ENTRIES SHOWN
++++

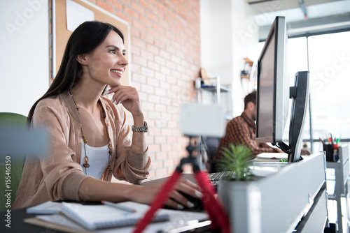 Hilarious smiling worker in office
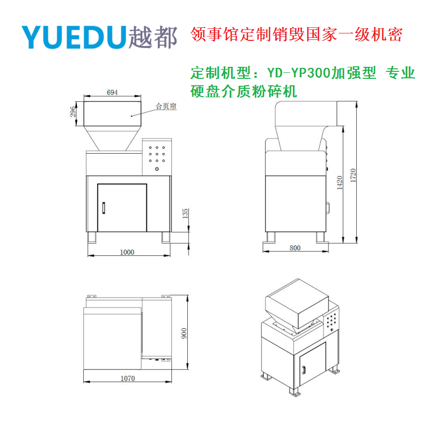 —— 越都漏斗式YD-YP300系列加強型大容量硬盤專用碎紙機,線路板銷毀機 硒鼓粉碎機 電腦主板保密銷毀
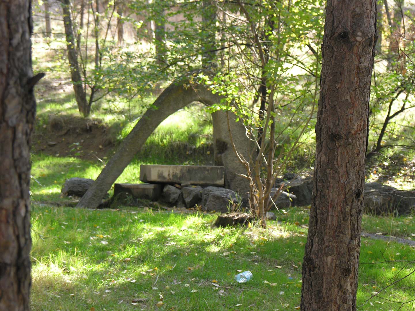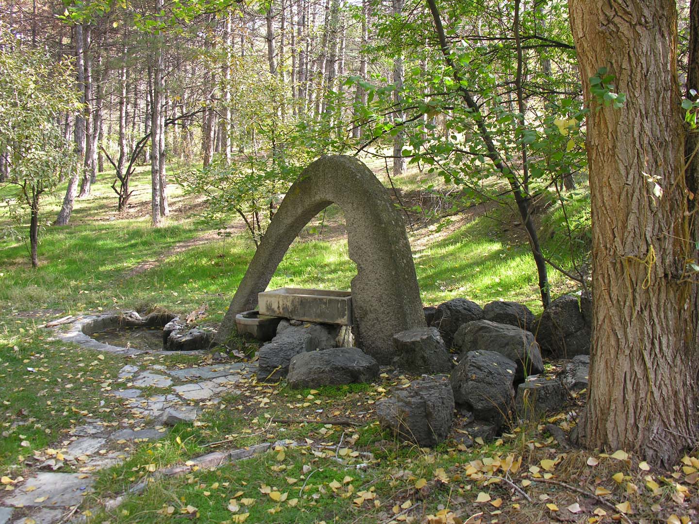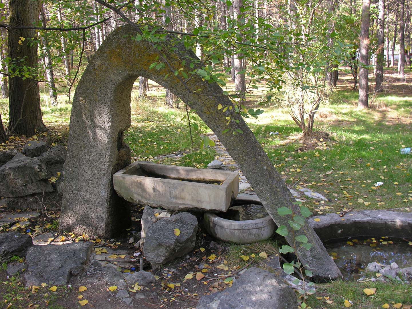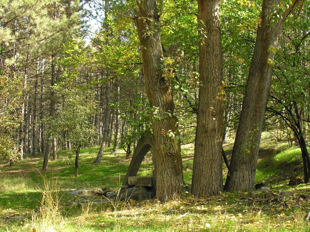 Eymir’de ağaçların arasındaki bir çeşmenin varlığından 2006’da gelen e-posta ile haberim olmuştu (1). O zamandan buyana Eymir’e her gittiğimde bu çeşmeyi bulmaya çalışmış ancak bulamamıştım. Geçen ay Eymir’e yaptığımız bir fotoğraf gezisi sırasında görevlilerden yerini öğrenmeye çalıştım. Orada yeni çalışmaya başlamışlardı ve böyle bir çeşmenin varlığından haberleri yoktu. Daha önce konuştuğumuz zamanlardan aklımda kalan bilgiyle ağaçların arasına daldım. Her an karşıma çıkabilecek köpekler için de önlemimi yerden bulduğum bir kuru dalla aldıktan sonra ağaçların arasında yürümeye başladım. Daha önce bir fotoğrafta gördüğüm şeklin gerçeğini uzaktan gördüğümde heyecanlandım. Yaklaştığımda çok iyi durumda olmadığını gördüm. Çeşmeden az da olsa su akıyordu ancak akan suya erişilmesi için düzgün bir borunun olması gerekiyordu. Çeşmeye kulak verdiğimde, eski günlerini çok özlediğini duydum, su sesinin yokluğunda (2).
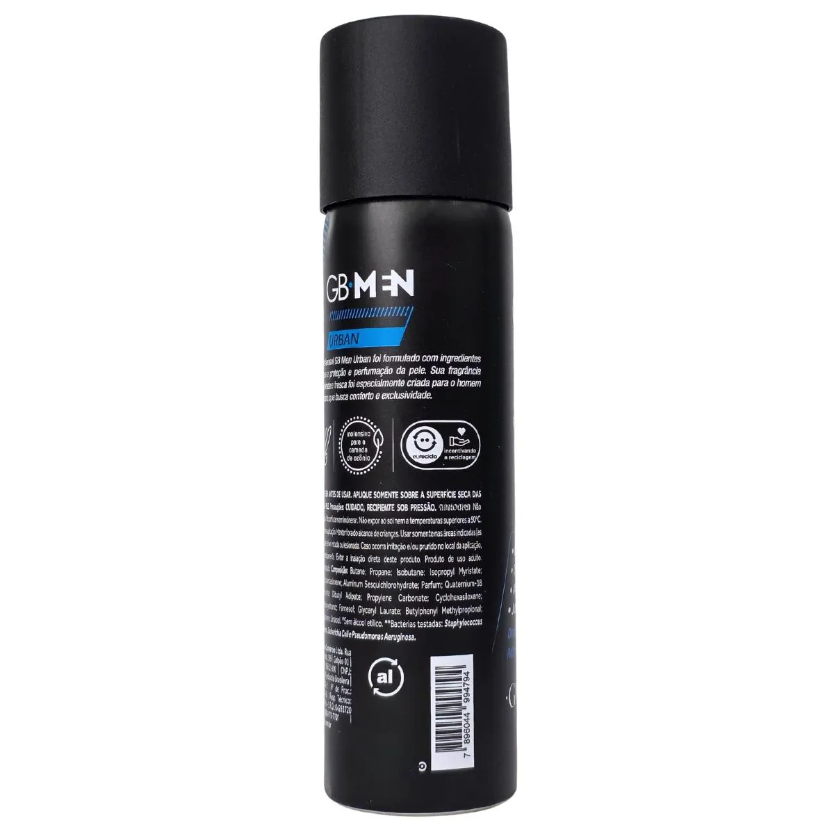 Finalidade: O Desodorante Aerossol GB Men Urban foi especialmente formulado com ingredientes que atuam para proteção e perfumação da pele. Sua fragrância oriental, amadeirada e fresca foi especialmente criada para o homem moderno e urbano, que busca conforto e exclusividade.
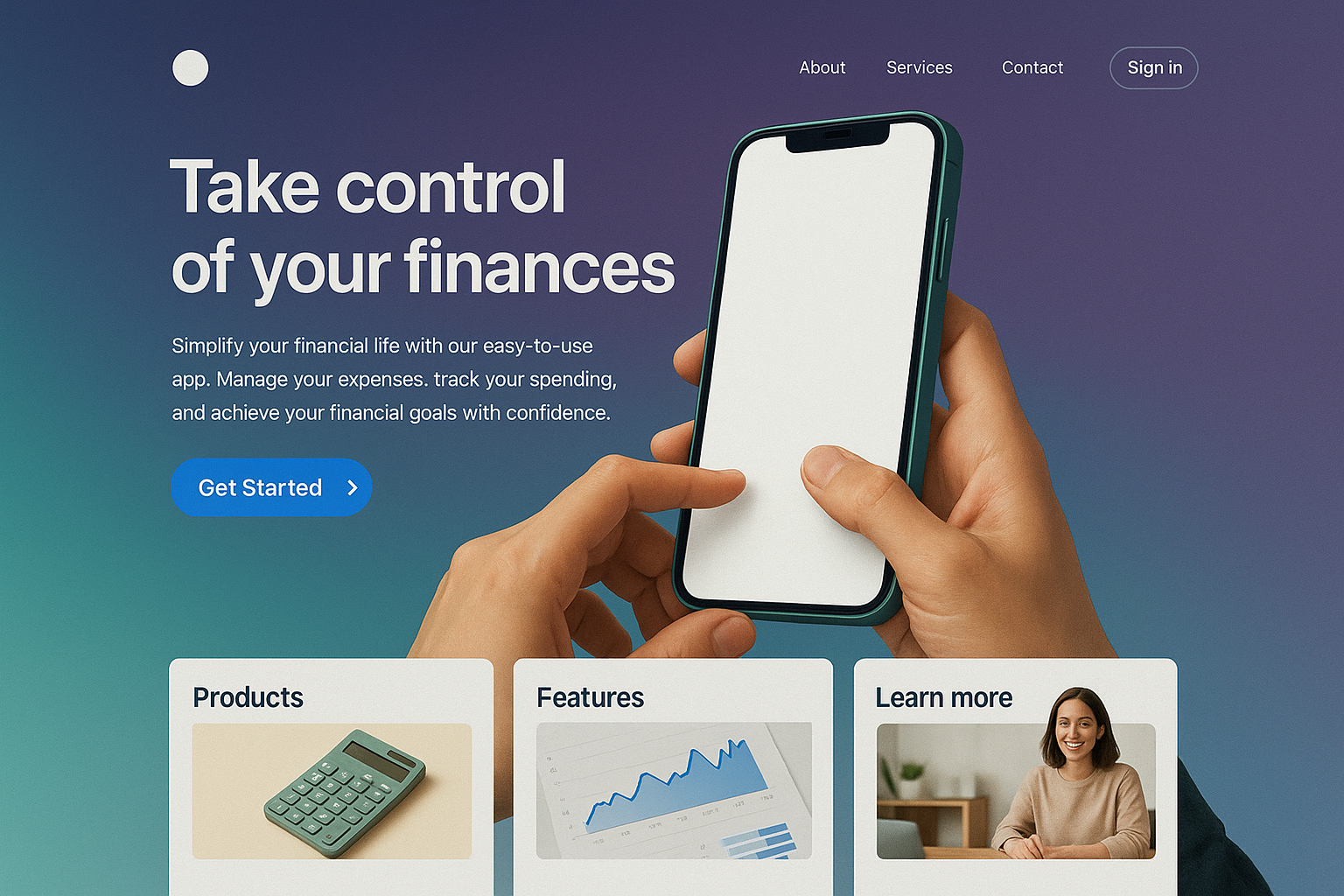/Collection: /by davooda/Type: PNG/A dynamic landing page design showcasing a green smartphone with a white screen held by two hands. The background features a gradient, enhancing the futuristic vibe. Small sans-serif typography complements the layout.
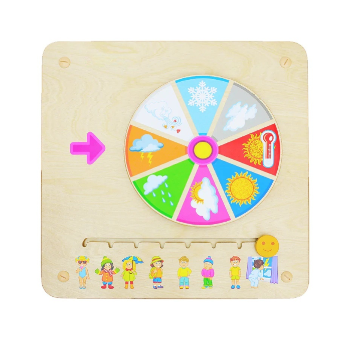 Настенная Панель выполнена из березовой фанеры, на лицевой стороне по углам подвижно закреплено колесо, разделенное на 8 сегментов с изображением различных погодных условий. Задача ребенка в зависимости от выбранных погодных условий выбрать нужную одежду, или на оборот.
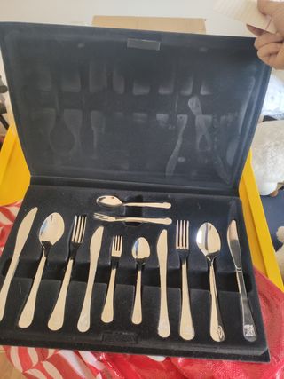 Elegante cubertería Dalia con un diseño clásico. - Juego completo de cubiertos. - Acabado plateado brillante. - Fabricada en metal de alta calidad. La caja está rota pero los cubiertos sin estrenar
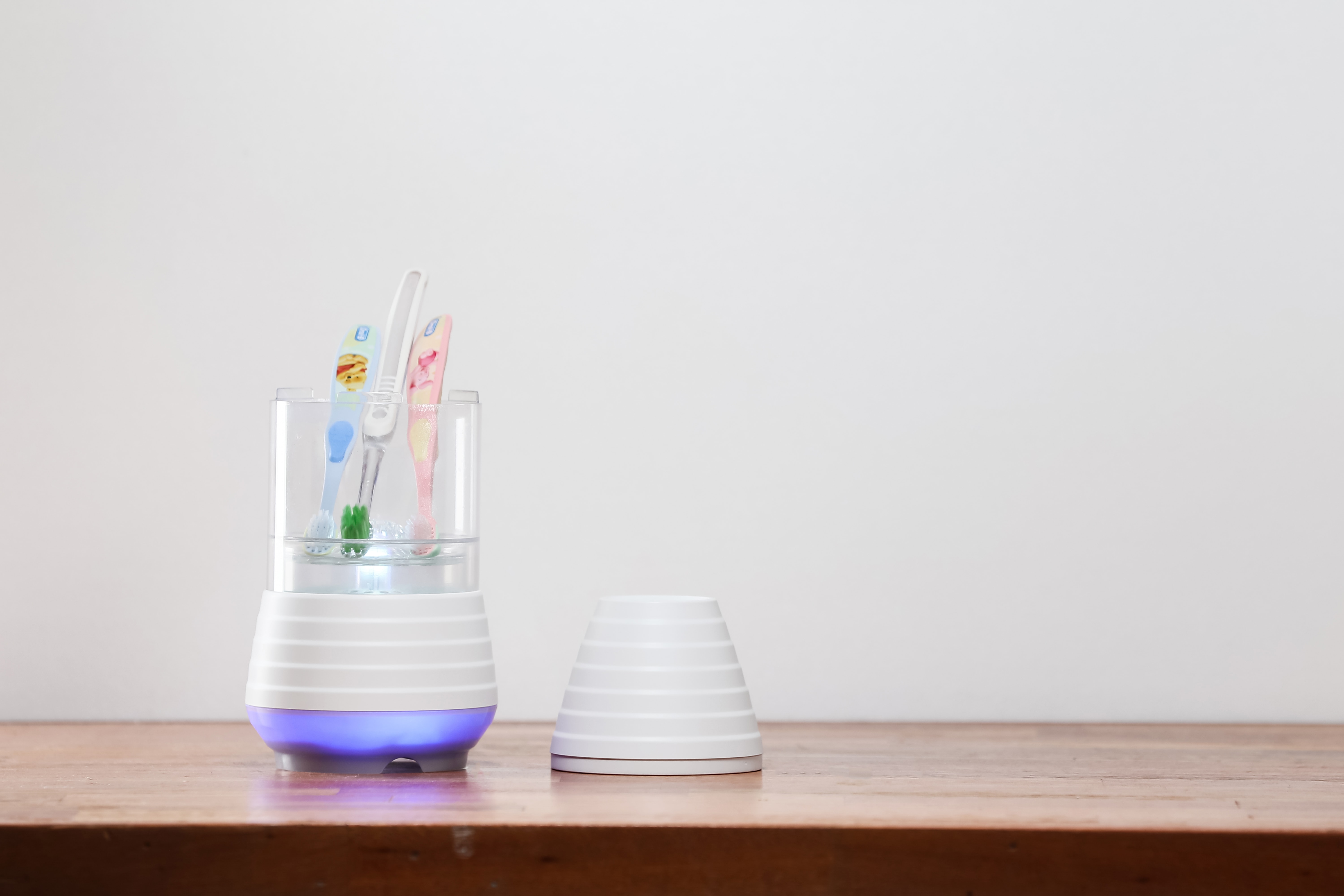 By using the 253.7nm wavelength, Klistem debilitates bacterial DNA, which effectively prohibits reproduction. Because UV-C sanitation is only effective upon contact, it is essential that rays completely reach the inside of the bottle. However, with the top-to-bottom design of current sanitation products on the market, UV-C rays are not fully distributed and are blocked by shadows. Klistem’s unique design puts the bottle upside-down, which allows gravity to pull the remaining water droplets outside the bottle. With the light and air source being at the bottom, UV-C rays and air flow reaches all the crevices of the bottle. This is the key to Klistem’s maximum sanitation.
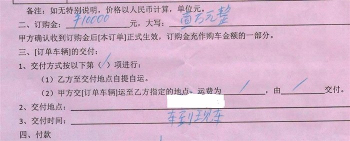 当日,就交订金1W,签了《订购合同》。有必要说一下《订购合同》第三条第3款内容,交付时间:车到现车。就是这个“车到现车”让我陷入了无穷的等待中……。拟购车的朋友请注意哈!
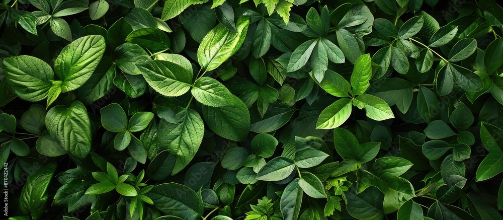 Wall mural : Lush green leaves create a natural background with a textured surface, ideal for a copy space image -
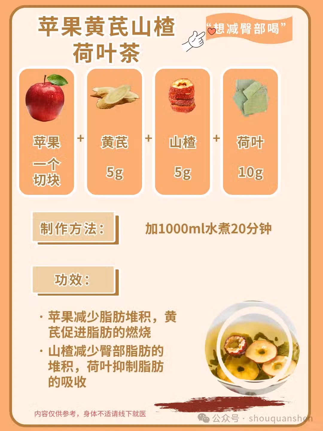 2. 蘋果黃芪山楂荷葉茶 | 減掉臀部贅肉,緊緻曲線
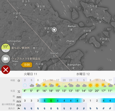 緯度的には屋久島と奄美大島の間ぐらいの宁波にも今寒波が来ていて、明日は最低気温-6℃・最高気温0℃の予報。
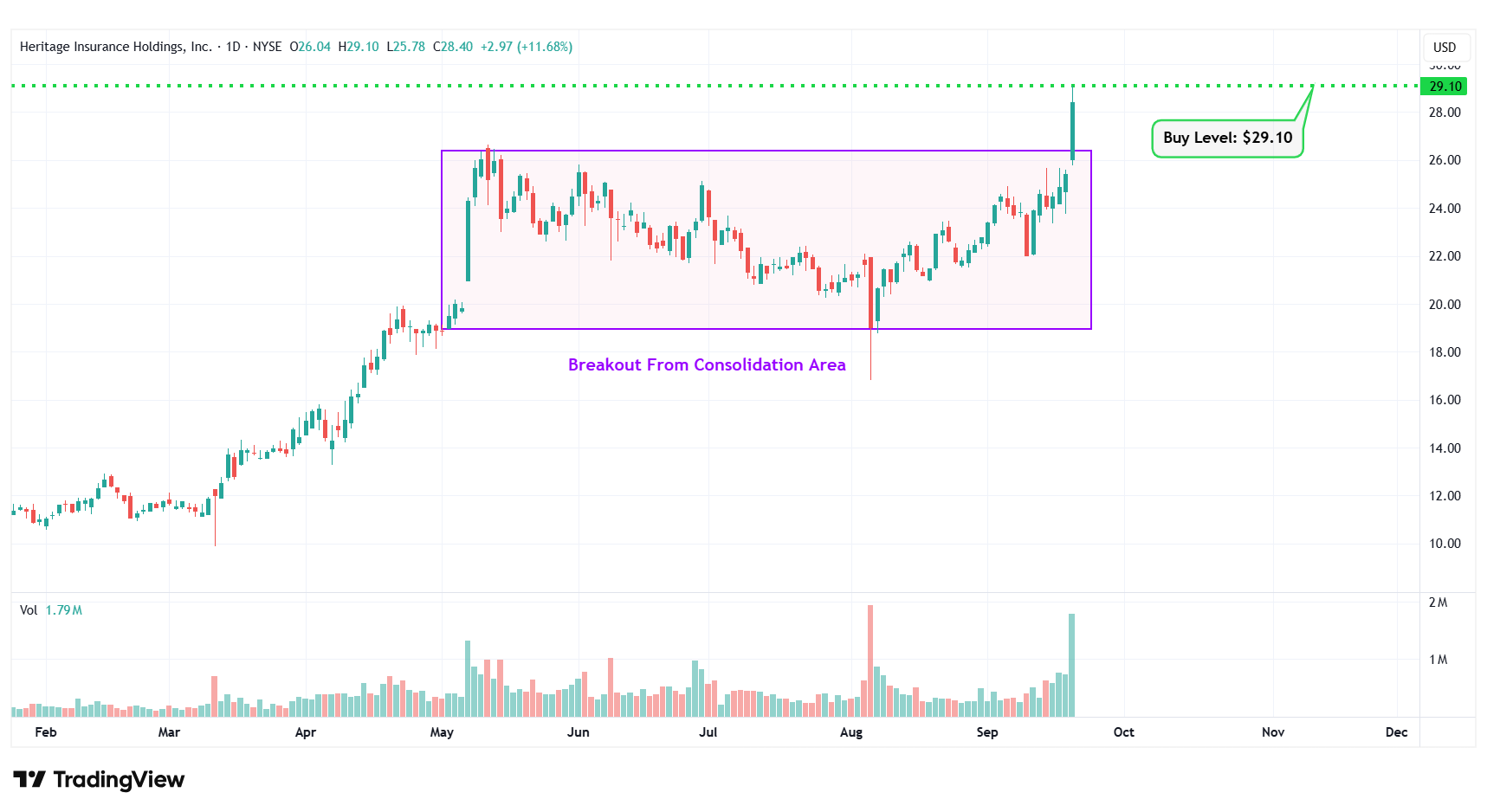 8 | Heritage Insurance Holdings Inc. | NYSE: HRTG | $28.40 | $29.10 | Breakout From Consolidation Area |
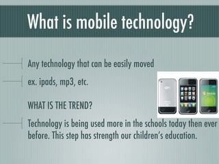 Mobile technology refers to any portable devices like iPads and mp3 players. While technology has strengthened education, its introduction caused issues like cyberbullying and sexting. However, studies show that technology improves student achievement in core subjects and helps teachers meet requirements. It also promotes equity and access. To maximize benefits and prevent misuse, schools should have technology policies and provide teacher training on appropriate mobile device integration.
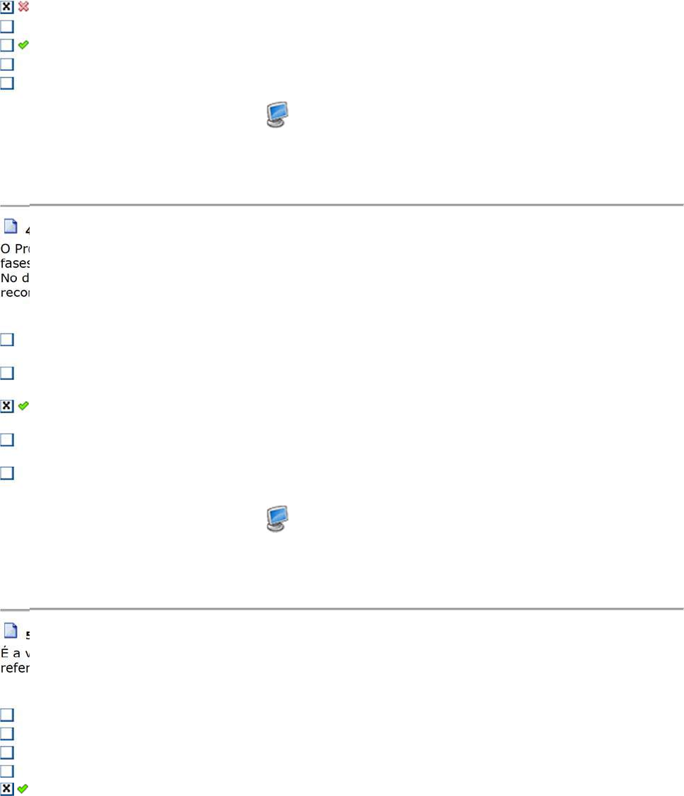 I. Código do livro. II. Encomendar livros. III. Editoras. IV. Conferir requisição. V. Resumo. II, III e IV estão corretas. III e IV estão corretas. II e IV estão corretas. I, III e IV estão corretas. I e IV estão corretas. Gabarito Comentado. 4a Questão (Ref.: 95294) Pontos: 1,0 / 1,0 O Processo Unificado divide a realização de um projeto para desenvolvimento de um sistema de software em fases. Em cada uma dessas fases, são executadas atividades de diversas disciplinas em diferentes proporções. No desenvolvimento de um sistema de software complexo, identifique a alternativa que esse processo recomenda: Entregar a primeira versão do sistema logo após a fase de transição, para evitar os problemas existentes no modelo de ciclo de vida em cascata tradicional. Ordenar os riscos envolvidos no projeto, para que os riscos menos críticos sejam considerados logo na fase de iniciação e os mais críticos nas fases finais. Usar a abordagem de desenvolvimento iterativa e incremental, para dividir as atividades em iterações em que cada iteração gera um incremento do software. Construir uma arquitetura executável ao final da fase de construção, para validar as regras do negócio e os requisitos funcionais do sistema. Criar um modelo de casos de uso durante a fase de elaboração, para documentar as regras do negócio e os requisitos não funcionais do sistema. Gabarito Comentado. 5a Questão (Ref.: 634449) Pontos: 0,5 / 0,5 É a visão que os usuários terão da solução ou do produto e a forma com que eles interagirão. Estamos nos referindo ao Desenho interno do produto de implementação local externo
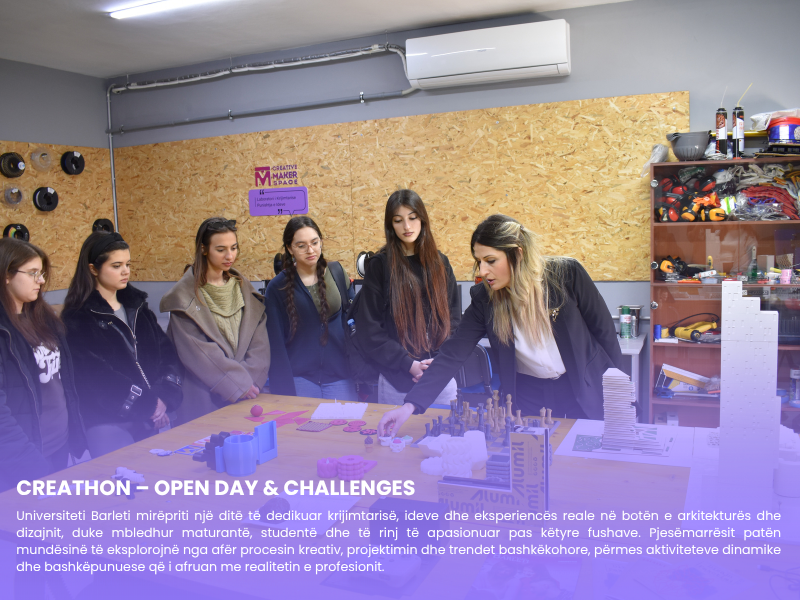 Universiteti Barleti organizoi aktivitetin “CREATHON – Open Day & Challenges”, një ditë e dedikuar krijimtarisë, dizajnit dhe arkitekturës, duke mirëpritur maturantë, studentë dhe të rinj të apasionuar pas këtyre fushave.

++++

YOUR INSTRUCTIONS
Except for the pictures, set down each line of the records exactly as it appears.

RESULT OF THE EXERCISE
 Hilarious smiling worker in office
 —— 越都漏斗式YD-YP300系列加強型大容量硬盤專用碎紙機,線路板銷毀機 硒鼓粉碎機 電腦主板保密銷毀
 Eymir’de ağaçların arasındaki bir çeşmenin varlığından 2006’da gelen e-posta ile haberim olmuştu (1). O zamandan buyana Eymir’e her gittiğimde bu çeşmeyi bulmaya çalışmış ancak bulamamıştım. Geçen ay Eymir’e yaptığımız bir fotoğraf gezisi sırasında görevlilerden yerini öğrenmeye çalıştım. Orada yeni çalışmaya başlamışlardı ve böyle bir çeşmenin varlığından haberleri yoktu. Daha önce konuştuğumuz zamanlardan aklımda kalan bilgiyle ağaçların arasına daldım. Her an karşıma çıkabilecek köpekler için de önlemimi yerden bulduğum bir kuru dalla aldıktan sonra ağaçların arasında yürümeye başladım. Daha önce bir fotoğrafta gördüğüm şeklin gerçeğini uzaktan gördüğümde heyecanlandım. Yaklaştığımda çok iyi durumda olmadığını gördüm. Çeşmeden az da olsa su akıyordu ancak akan suya erişilmesi için düzgün bir borunun olması gerekiyordu. Çeşmeye kulak verdiğimde, eski günlerini çok özlediğini duydum, su sesinin yokluğunda (2).
 Finalidade: O Desodorante Aerossol GB Men Urban foi especialmente formulado com ingredientes que atuam para proteção e perfumação da pele. Sua fragrância oriental, amadeirada e fresca foi especialmente criada para o homem moderno e urbano, que busca conforto e exclusividade.
/Collection: /by davooda/Type: PNG/A dynamic landing page design showcasing a green smartphone with a white screen held by two hands. The background features a gradient, enhancing the futuristic vibe. Small sans-serif typography complements the layout.
 Настенная Панель выполнена из березовой фанеры, на лицевой стороне по углам подвижно закреплено колесо, разделенное на 8 сегментов с изображением различных погодных условий. Задача ребенка в зависимости от выбранных погодных условий выбрать нужную одежду, или на оборот.
 Elegante cubertería Dalia con un diseño clásico. - Juego completo de cubiertos. - Acabado plateado brillante. - Fabricada en metal de alta calidad. La caja está rota pero los cubiertos sin estrenar
 By using the 253.7nm wavelength, Klistem debilitates bacterial DNA, which effectively prohibits reproduction. Because UV-C sanitation is only effective upon contact, it is essential that rays completely reach the inside of the bottle. However, with the top-to-bottom design of current sanitation products on the market, UV-C rays are not fully distributed and are blocked by shadows. Klistem’s unique design puts the bottle upside-down, which allows gravity to pull the remaining water droplets outside the bottle. With the light and air source being at the bottom, UV-C rays and air flow reaches all the crevices of the bottle. This is the key to Klistem’s maximum sanitation.
 当日,就交订金1W,签了《订购合同》。有必要说一下《订购合同》第三条第3款内容,交付时间:车到现车。就是这个“车到现车”让我陷入了无穷的等待中……。拟购车的朋友请注意哈!
 Wall mural : Lush green leaves create a natural background with a textured surface, ideal for a copy space image -
 2. 蘋果黃芪山楂荷葉茶 | 減掉臀部贅肉,緊緻曲線
 緯度的には屋久島と奄美大島の間ぐらいの宁波にも今寒波が来ていて、明日は最低気温-6℃・最高気温0℃の予報。
 8 | Heritage Insurance Holdings Inc. | NYSE: HRTG | $28.40 | $29.10 | Breakout From Consolidation Area |
 Mobile technology refers to any portable devices like iPads and mp3 players. While technology has strengthened education, its introduction caused issues like cyberbullying and sexting. However, studies show that technology improves student achievement in core subjects and helps teachers meet requirements. It also promotes equity and access. To maximize benefits and prevent misuse, schools should have technology policies and provide teacher training on appropriate mobile device integration.
 I. Código do livro. II. Encomendar livros. III. Editoras. IV. Conferir requisição. V. Resumo. II, III e IV estão corretas. III e IV estão corretas. II e IV estão corretas. I, III e IV estão corretas. I e IV estão corretas. Gabarito Comentado. 4a Questão (Ref.: 95294) Pontos: 1,0 / 1,0 O Processo Unificado divide a realização de um projeto para desenvolvimento de um sistema de software em fases. Em cada uma dessas fases, são executadas atividades de diversas disciplinas em diferentes proporções. No desenvolvimento de um sistema de software complexo, identifique a alternativa que esse processo recomenda: Entregar a primeira versão do sistema logo após a fase de transição, para evitar os problemas existentes no modelo de ciclo de vida em cascata tradicional. Ordenar os riscos envolvidos no projeto, para que os riscos menos críticos sejam considerados logo na fase de iniciação e os mais críticos nas fases finais. Usar a abordagem de desenvolvimento iterativa e incremental, para dividir as atividades em iterações em que cada iteração gera um incremento do software. Construir uma arquitetura executável ao final da fase de construção, para validar as regras do negócio e os requisitos funcionais do sistema. Criar um modelo de casos de uso durante a fase de elaboração, para documentar as regras do negócio e os requisitos não funcionais do sistema. Gabarito Comentado. 5a Questão (Ref.: 634449) Pontos: 0,5 / 0,5 É a visão que os usuários terão da solução ou do produto e a forma com que eles interagirão. Estamos nos referindo ao Desenho interno do produto de implementação local externo
 Universiteti Barleti organizoi aktivitetin “CREATHON – Open Day & Challenges”, një ditë e dedikuar krijimtarisë, dizajnit dhe arkitekturës, duke mirëpritur maturantë, studentë dhe të rinj të apasionuar pas këtyre fushave.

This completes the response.